The spectacular finds of manuscripts made at the beginning of the 20th century in Turfan and other oases of the ancient Silk Road in Xinjiang opened the path for all sorts of philological, religious and historical studies and were even responsible for the creation and expansion of a number of disciplines e.g., Tocharian, Khotamese, Uighur manichaeism, et cetera. The manuscripts and block prints trom these finds are distributed all over the world, e.g., in London, Paris, Washington and Istanbul. Those manuscripts which were acquired by the German expeditions between 1902 and 1914 were brought to Berlin and are known as the German Turfan Collection. The Turfan texts are of unique significance for the study of Central Asian Buddhism since they testify to the existence of a thriving Hinayana community with monasteries of mostly Sarvastivada and Mulasarvastivada affiliation along the northern Silk Route, while the scriptures which were found on the southern Silk Route are mostly Mahayana texts.
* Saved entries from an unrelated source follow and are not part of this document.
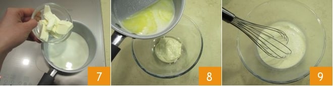 Dans une casserole, faites chauffer le lait à feu moyen, puis ajoutez le beurre 7 : faites-le fondre complètement et portez le tout à frémissement. Dès qu'il est à température, éteignez le feu et versez le mélange dans le récipient avec les cuillerées de pâte que vous aviez prélevées auparavant 8. Mélangez bien avec un fouet pour obtenir une sorte de pâte 9.
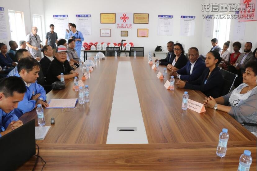 在聽取項目部工作情況匯報后,席爾瓦總理發表講話,他指出,一年半前他來參加項目開工儀式,這里還是不毛之地,如今工程結構基本完成,處處呈現大干快上熱火朝天的喜人景象,項目按照魯班獎的要求加強管理,相信中國工人一定會為佛得角建設一座高水平高標準的建筑,推動佛得角教育事業的發展。為此,他向中國政府和人民,向辛勤勞作的中國工人表示最衷心的感謝!
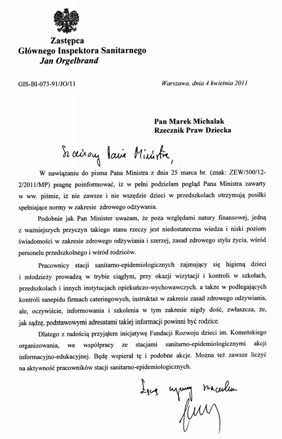 List Rzecznika Praw Dziecka w sprawie zmiany diety przedszkolnej
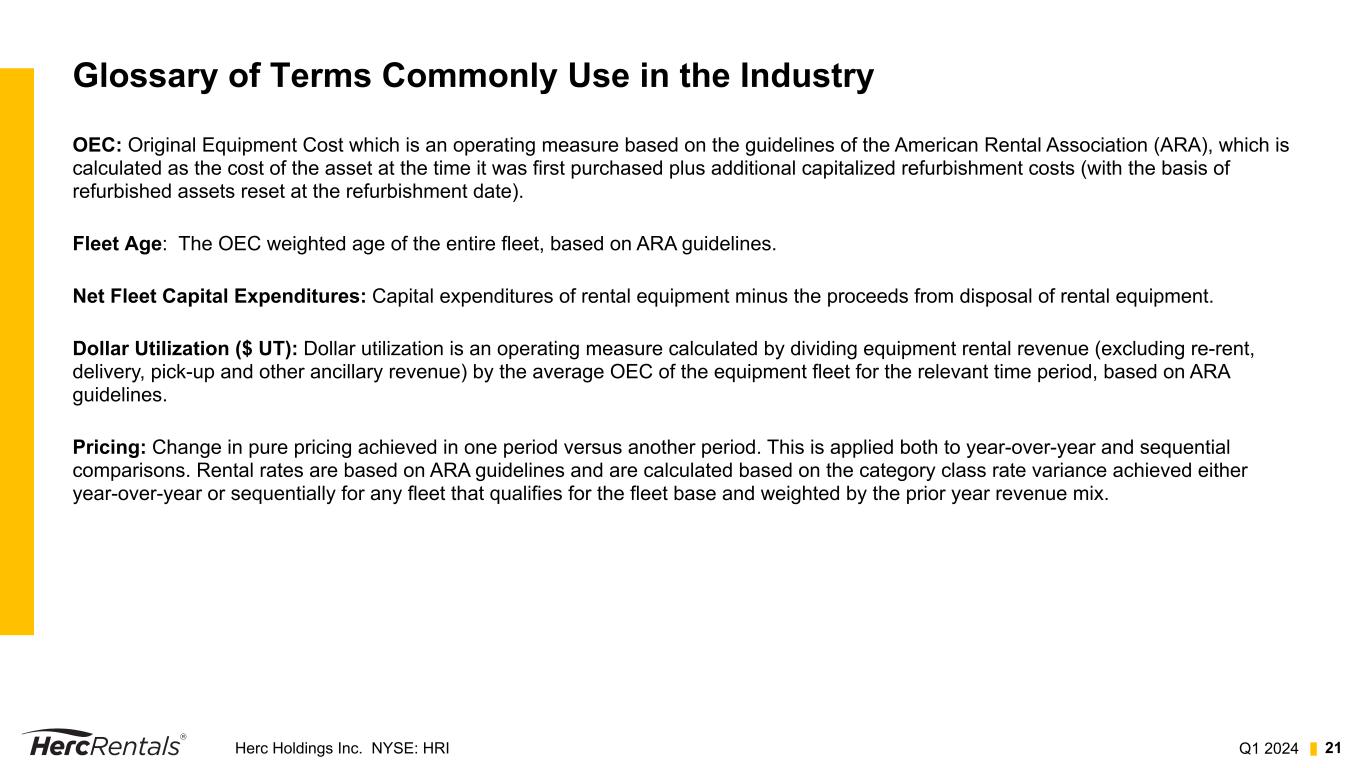 Q1 2024Herc Holdings Inc. NYSE: HRI 21 Glossary of Terms Commonly Use in the Industry OEC: Original Equipment Cost which is an operating measure based on the guidelines of the American Rental Association (ARA), which is calculated as the cost of the asset at the time it was first purchased plus additional capitalized refurbishment costs (with the basis of refurbished assets reset at the refurbishment date). Fleet Age: The OEC weighted age of the entire fleet, based on ARA guidelines. Net Fleet Capital Expenditures: Capital expenditures of rental equipment minus the proceeds from disposal of rental equipment. Dollar Utilization ($ UT): Dollar utilization is an operating measure calculated by dividing equipment rental revenue (excluding re-rent, delivery, pick-up and other ancillary revenue) by the average OEC of the equipment fleet for the relevant time period, based on ARA guidelines. Pricing: Change in pure pricing achieved in one period versus another period. This is applied both to year-over-year and sequential comparisons. Rental rates are based on ARA guidelines and are calculated based on the category class rate variance achieved either year-over-year or sequentially for any fleet that qualifies for the fleet base and weighted by the prior year revenue mix.
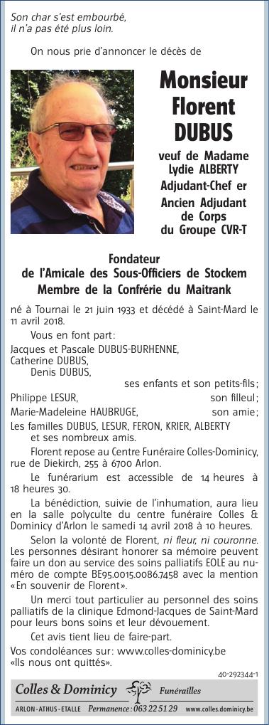 Décédé à Saint-Mard (6762) le mercredi 11 avril 2018 à l'âge de 84 ans
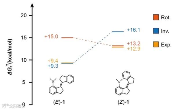 导读:台湾大学杨吉水教授等人研究了二甲氨基(DMA)取代刚性二苯乙烯,展示出热螺旋反转和C-N键旋转的可切换相对速率。(Z)-1中DMA转子旋转速率更高,而(E)-1中反转速率更高,导致相关核磁信号存在竞争
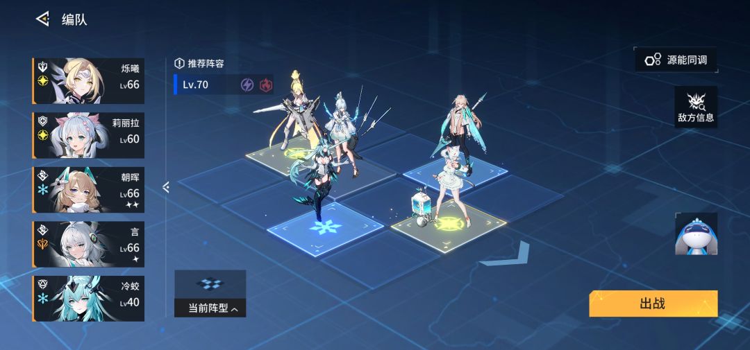 一队上了冷蛟冰冻对面,包括BOSS(但这个BOSS该回血还是回血,我是靠言的练度硬靠伤害灌死),莉丽拉没练度,没60突破,模组和烙痕也是没怎么强化的,所以靠冷蛟冰冻能缓解一下生存压力。
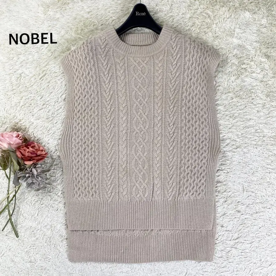 컨디션 최상 노블 아란 니트 니트 베스트 베스트 캐시미어 혼방 F 베이지
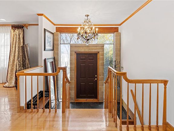 Welcome to this gorgeous privately gated home situated on top of Emerson hill. With the views including water and the Verrazano bridge, this location will leave you wowed. Through the foyer and to an open floor plan with opulent windows and recessed lighting, it's perfect for those who love to entertain. The eat-in kitchen features custom cabinetry, stone backsplash, granite countertop, stainless steel appliances, tile floor and a large breakfast island. Right next to the kitchen is your charming dining and living room area, which is perfect for hosting gatherings. Incredible natural light fills the house throughout. This level also features two bedrooms, one including the primary bedroom with sensational views, a large closet and a shared bath. The large bathroom features tiling from top to bottom, a stunning jacuzzi, vanity, bidet and a separate shower. The lower-level features additional two spacious bedrooms, laundry room, garage and a bathroom with shower. Each bedroom has their own custom closets. One of the bedrooms has direct access to the yard. Turn any of the bedrooms into a home gym or office space for more convenience. This home has a ton of potential to mold it into your own! The approximately 11,200 square foot of landscaped property comes along with peaceful surroundings for being in the nook of the hill. The in-ground pool with a custom-built gazebo is a summer resort vision. Another ultimate addition to this home is the endless amount of storage space and a great garage. You will appreciate the convenience of the location, making your commute simple with nearby express buses, expressway and the bridge! Very accommodating to local shopping, restaurants, cafes and local attractions.
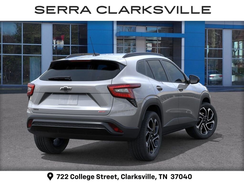 Sterling 2026 Chevrolet Trax 2RS For sale at Serra Chevrolet Clarksville is well equipped: 2-Way Adjustable Front Head Restraints, 2-Way Power Driver Lumbar Seat Adjuster, 3.50 Final Drive Axle Ratio, 4-Way Manual Front Passenger Seat Adjuster, 4-Wheel Disc Brakes, 6 Speakers, 6-Speaker Audio System Feature, 8-Way Power Driver Seat Adjuster, ABS brakes, Air Conditioning, Alloy wheels, AM/FM radio: SiriusXM, Auto High-beam Headlights, Automatic temperature control, Brake assist, Bumpers: body-color, Compass, Delay-off headlights, Driver door bin, Driver vanity mirror, Dual front impact airbags, Dual front side impact airbags, Electronic Stability Control, Emergency communication system: OnStar One Essentials, Evotex Seat Trim, Exterior Parking Camera Rear, Front anti-roll bar, Front Bucket Seats, Front Center Armrest, Front reading lights, Front wheel independent suspension, Fully automatic headlights, Heated door mirrors, Heated Driver and Front Passenger Seats, Heated front seats, Heated steering wheel, Illuminated entry, Leather steering wheel, Low tire pressure warning, Occupant sensing airbag, Outside temperature display, Overhead airbag, Overhead console, Panic alarm, Passenger door bin, Passenger vanity mirror, Power door mirrors, Power driver seat, Power steering, Power windows, Premium audio system: Chevrolet Infotainment 3, Radio data system, Radio: AM/FM Stereo Audio System, Rear window defroster, Rear window wiper, Remote keyless entry, Security system, SiriusXM Trial Subscription, Speed control, Split folding rear seat, Spoiler, Sport steering wheel, Steering wheel mounted audio controls, Tachometer, Telescoping steering wheel, Tilt steering wheel, Traction control, Trip computer, Variably intermittent wipers, Wheels: 19 Black-Painted Machined Aluminum, and Wireless Apple CarPlay/Wireless Android Auto.
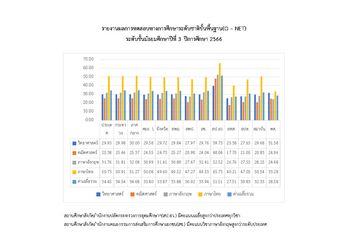 Home เอกสารกลุ่ม เอกสารกลุ่มนิเทศติดตามและประเมินผล รายงานผลการทดสอบทางการศึกษาระดับชาติขั้นพื้นฐาน (O-NET) ปีการศึกษา 2566

A major part of the German Turfan Collection is written in Sanskrit, which was one of the Indian languages used, alongside various local idioms, to propagate Buddhism in Central Asia.
Research on the Sanskrit Turfan texts started right after the first expedition in the early 1920s. However, it was chiefly thanks to Ernst Waldschmidt's endeavours that the work of cataloguing and describing the Indian texts was taken up. Most of the manuscripts have now been edited; what remains are a huge number of fragments, many of them parts of the edited texts, others still awaiting identification. Out of over 7000 catalogue numbers, detailed descriptions of numbers 1-3191 were published in Sanskrithandschriften aus den Turfanfunden (SHT), the present volume 10 contains another 1162 catalogue numbers, and it is to be hoped that the next years will bring the completion of this work. The bulk of this task over the past twenty years has been done by the Gottingen scholar Klaus Wille who already prepared four out of nine volumes of SHT published until 2004.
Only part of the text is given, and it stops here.